┌──

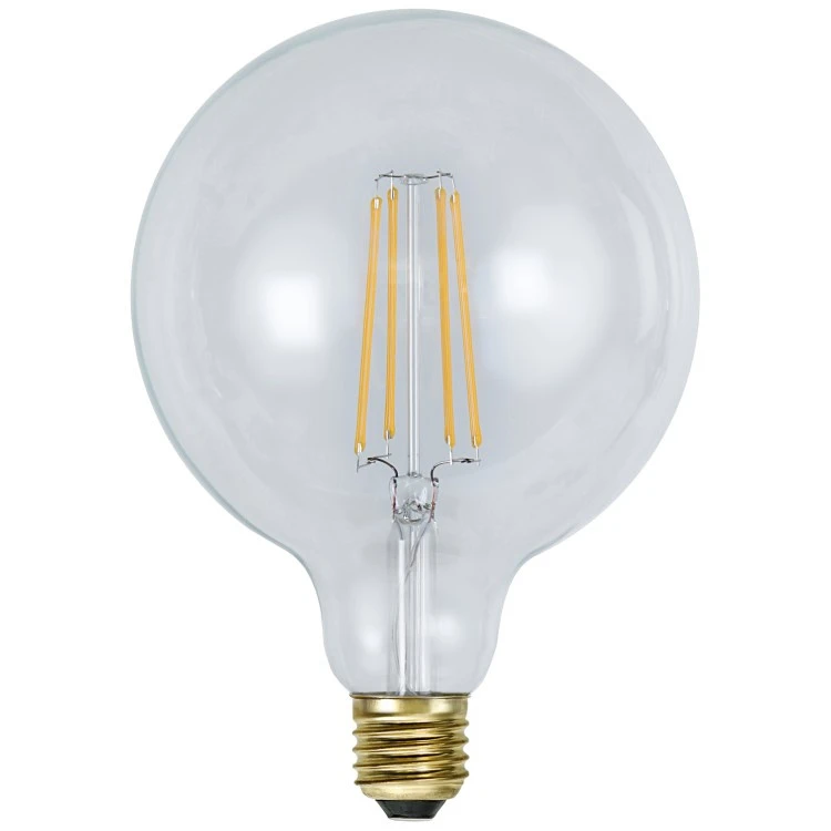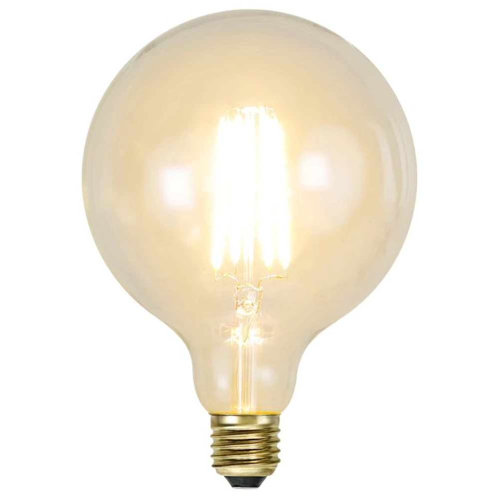 Clear, dimmer-compatible LED lamp with warm white light that fits many different types of cords, table lamps and floor lamps with dimmable light. The globe-shaped LED lamp fits in lamps with an E27 (wide) base.
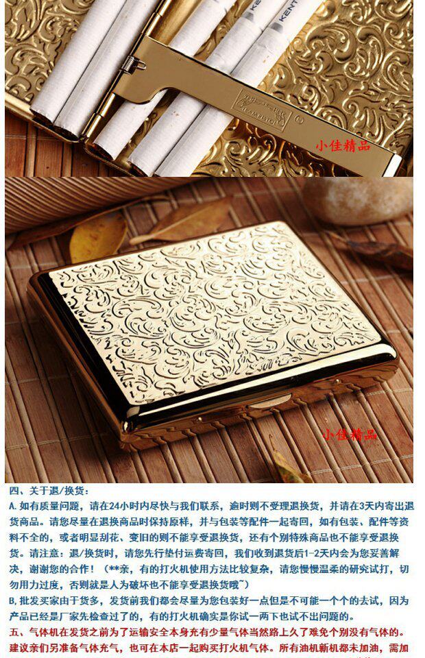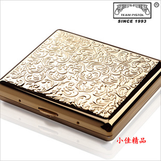 Подлинная коробка сигарет с двойным пистолетом 20 тонкие латунные золотые подарочные подарки Автоматические папки для дыма богатые трава трава полные цветы
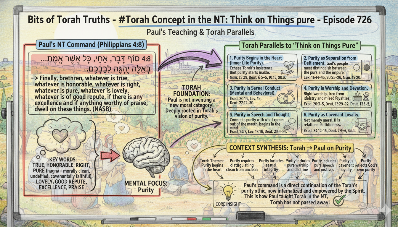 - Purity Begins in the Heart (Inner Life Purity). Paul’s emphasis on mental purity echoes the Torah’s insistence that purity starts inside, not merely in ritual actions. Num. 15:39, Deut. 6:5–6, 10:16, 30:6.
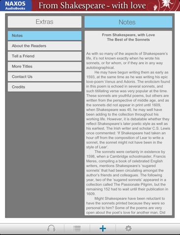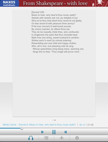 William Shakespeare’s ‘sugared sonnets’ circulated privately amongst his friends and colleagues for many years, but the public had to wait until their publication in 1609 to enjoy these masterpieces on every aspect of love. Whether it’s fidelity, obsession, jealousy or the love of friends, Shakespeare seems to know about it all. To celebrate the 400th anniversary of their publication, a rich variety of actors were brought together by Naxos AudioBooks to show the many different ways in which these sonnets can be interpreted. This award-winning recording now forms the present app, complete with all the texts.
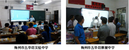 2012年7月下旬,印天E系列雙筆紅外交互式電子白板再次成功入駐梅州市五華縣,繼琴江中學(xué)、田家炳中學(xué)、五華中學(xué)三所中學(xué)之后,被安裝在實驗中學(xué)、橫陂中學(xué)兩所學(xué)校教室。為了讓教師們在暑假后能夠很好地運用電子白板開展互動教學(xué),8月初,印天科技安排培訓(xùn)師奔赴梅州市進(jìn)行兩場電子白板的專項培訓(xùn)會,六十多位老師參加此次培訓(xùn)會。
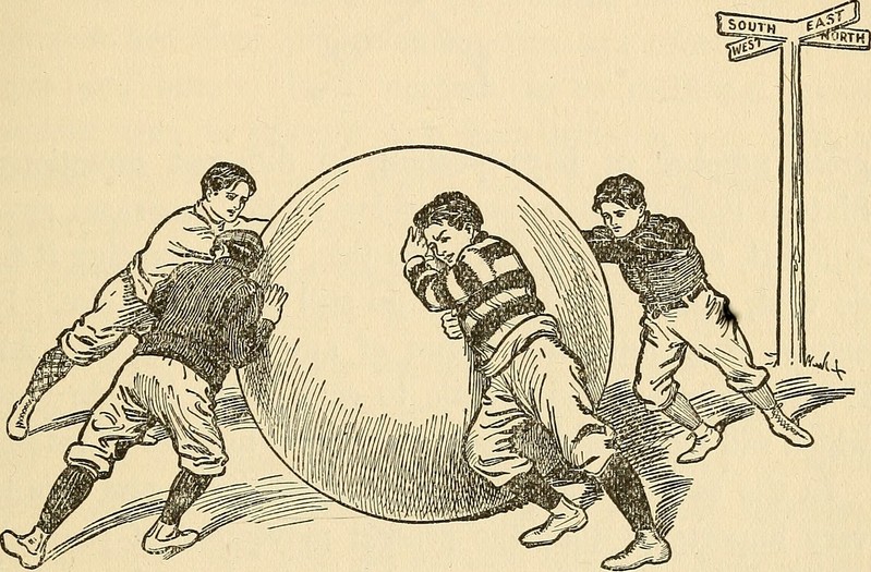 #vintage illustration #opposing forces #toward the center #giant ball #illustration #art
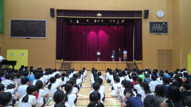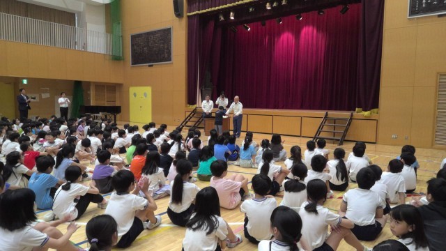今日の1時間目は前期終業式でした。体育館に全校児童が静かに整列し、校長先生の話をしっかり聞いていました。また、1年生・3年生・5年生・なかよし学級から1名ずつ、【前期に頑張ったこと・後期に向けての思い】を代表児童の言葉として作文を読みました。

└──

- Instructions for the task: Return verbatim every line from the line containing "Подлинная коробка сигарет" to the last line of the entries above, inclusive, and leave out the pictures.

- Solution for this exercise:
 Подлинная коробка сигарет с двойным пистолетом 20 тонкие латунные золотые подарочные подарки Автоматические папки для дыма богатые трава трава полные цветы
 - Purity Begins in the Heart (Inner Life Purity). Paul’s emphasis on mental purity echoes the Torah’s insistence that purity starts inside, not merely in ritual actions. Num. 15:39, Deut. 6:5–6, 10:16, 30:6.
 William Shakespeare’s ‘sugared sonnets’ circulated privately amongst his friends and colleagues for many years, but the public had to wait until their publication in 1609 to enjoy these masterpieces on every aspect of love. Whether it’s fidelity, obsession, jealousy or the love of friends, Shakespeare seems to know about it all. To celebrate the 400th anniversary of their publication, a rich variety of actors were brought together by Naxos AudioBooks to show the many different ways in which these sonnets can be interpreted. This award-winning recording now forms the present app, complete with all the texts.
 2012年7月下旬,印天E系列雙筆紅外交互式電子白板再次成功入駐梅州市五華縣,繼琴江中學(xué)、田家炳中學(xué)、五華中學(xué)三所中學(xué)之后,被安裝在實驗中學(xué)、橫陂中學(xué)兩所學(xué)校教室。為了讓教師們在暑假后能夠很好地運用電子白板開展互動教學(xué),8月初,印天科技安排培訓(xùn)師奔赴梅州市進(jìn)行兩場電子白板的專項培訓(xùn)會,六十多位老師參加此次培訓(xùn)會。
 #vintage illustration #opposing forces #toward the center #giant ball #illustration #art
今日の1時間目は前期終業式でした。体育館に全校児童が静かに整列し、校長先生の話をしっかり聞いていました。また、1年生・3年生・5年生・なかよし学級から1名ずつ、【前期に頑張ったこと・後期に向けての思い】を代表児童の言葉として作文を読みました。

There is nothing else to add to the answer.